Corpora
From NLTK
Over 40 corpora and corpus samples are included with the NLTK Corpus Distribution (750Mb). NLTK also provides corpus readers for easy access to many of these corpora from Python programs, e.g. if X is the name of a corpus, then some or all of the following methods will be defined:
>>> nltk.corpus.X.raw() # raw data from the corpus file(s) >>> nltk.corpus.X.words() # a list of words and punctuation tokens >>> nltk.corpus.X.sents() # words() grouped into sentences >>> nltk.corpus.X.tagged_words() # a list of (word,tag) pairs >>> nltk.corpus.X.tagged_sents() # tagged_words() grouped into sentences >>> nltk.corpus.X.parsed_sents() # a list of parse trees
Contents |
Parsed Corpora
The following corpora contain parsed text, and have a corpus reader that supports the following methods: raw(), words(), sents(), tagged_words, tagged_sents(), and parsed_sents.

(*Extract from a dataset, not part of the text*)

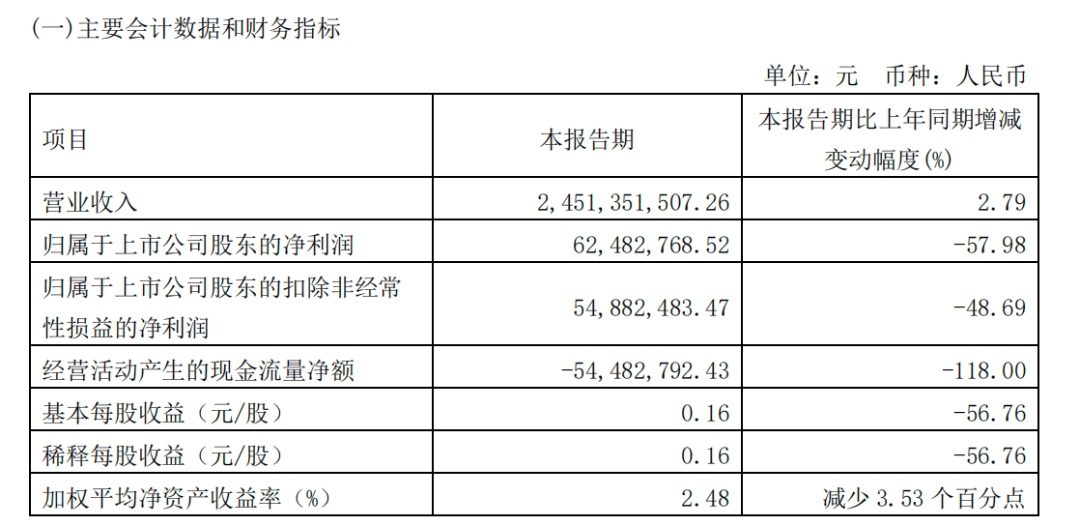 歸母淨利潤為0.62億元,同比下滑了57.98%,扣非淨利潤為0.55億元,同比下滑了48.69%,與此同時,該季度公司的毛利率也同比下降了2.74%至26.43%。

- alpino: Alpino Treebank (Dutch)
- cess_cat: CESS-CAT Treebank (Catalan)
- cess_esp: CESS-ESP Treebank (Spanish)
- floresta: Floresta Treebank (Portuguese)
- treebank: Penn Treebank Corpus Sample (English)
- sinica: Sinica Treebank Corpus Sample (Chinese)
Tagged Corpora
The following corpora contain tagged text, and have a corpus reader that supports the following methods: raw(), words(), sents(), tagged_words, and tagged_sents().
- brown: Brown Corpus
- indian: Indian Language POS-Tagged Corpus (Bangla, Hindi, Marathi, Telugu)
- mac_morpho: MacMorpho POS-Tagged Corpus (Brazilian Portuguese)
Text Corpora
The following corpora contain plain text, and have a corpus reader that supports the following methods: raw() and words().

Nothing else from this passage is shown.